One budgeting strategy that I am very fond of is the 50-30-20 split. This strategy recommends that you allocate half of your income to your needs, 30% to your wants, and 20% to your savings and investments. If you follow it correctly, you’ll have 30% of your income to spend on nights out, dinner dates, travel, and other enjoyable things.
However, if that is too tight for you, you can create your own budgeting scheme. Compute your monthly expenses and identify which things you need and want to spend on. Then, cut a little bit of those expenses to make room for your savings. There is no magic number that you need to follow. Just make sure that you save and invest a certain amount regularly. No matter how small it is, it’ll help you build a habit that will serve you in the long run. — Jonathan Merry, Founder, Moneyzine
Use Fixed Percentages for Saving /Investing
Much like fire itself, the dream of FIRE (financial independence, retire early) can be all-consuming. If left unchecked, we can easily dedicate all of our time, energy, resources, and money toward our financial goals, leaving us miserable in the interim.
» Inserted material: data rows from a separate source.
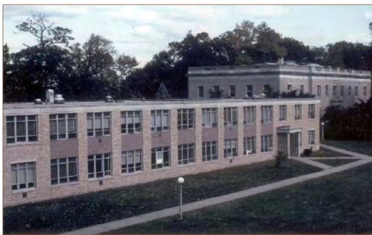
The completed school building with the mansion in the background.

gymnasium was not part of the original complex, but when it was built, it was the largest high school gym in Burlington County.
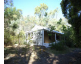
ZUMSTEINS RECREATION CENTRE SOHE 2008
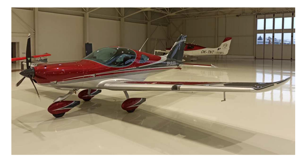
Fig. 3 Bristell S-LSA aircraft, SP-SLES
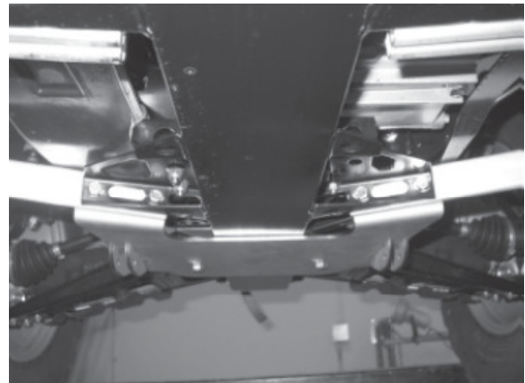
Figure 2 - Install Plow Mount

However, life itself is to be lived, and one should not sacrifice their entire present for the future.
Instead, I recommend following a fixed-percentage approach, whereby you dedicate a fixed percentage of your income to savings/investments. This specific percentage could be larger or smaller depending on your income, age, and proximity to FIRE, but the key thing is the fixed nature. This will negate the temptation to over-save, guaranteeing at least some money for luxuries and meaningful experiences. — Oliver Savill, CEO and Founder, AssessmentDay
Schedule a ‘Spending Period’ in your Life
As the founder of Retirement Investments and someone who writes about these types of things, I understand how difficult it can be to balance the now, the tomorrow, and the future that’s years away. Especially with the rising cost of living, it’s a difficult thing to manage at times.
For one, everyone must be tracking their finances and keeping track of everything. This means tracking the in, the out, what spending is necessary versus avoidable, and much more. Track every detail of your spending and research it at the end of the month to understand where you stand with things.
Secondly, I would schedule a ‘spending period’ in your life that gives you something to look forward to, allows you to spend on things that are important to you, and also eliminates unnecessary spending. Every two months, give yourself an allowance to spend (perhaps $250 to $500). Leading up to it, do your research on what to purchase and get excited about it. You’re still spending, but you’re doing it right. — Donny Gamble, Founder, Retirement Investments
Give your Money a Job so it has a Purpose!
As a Certified Financial Planner who has been working in the industry for almost 12 years, one thing I’ve noticed is that people are unable to stay committed when it comes to managing their finances.
This is why I always recommend to my community, “Give Your Money a Job.” Just as businesses have different departments and employees within their organization, such as Operations, Marketing, Sales, and Customer Service, we should also give our money a job in a similar structure.
For example, an Operating Account to pay our consistent bills; an Emergency Savings for any unplanned or unexpected expenses; a Planned Savings for any annual, semi-annual, or one-time planned expense; a Slush Fund Savings for any travel, splurge, or major purchase expenses; and then investment accounts according to our “time horizon.” Once we can clearly give our money a job, it has a purpose and we know exactly what the money is for.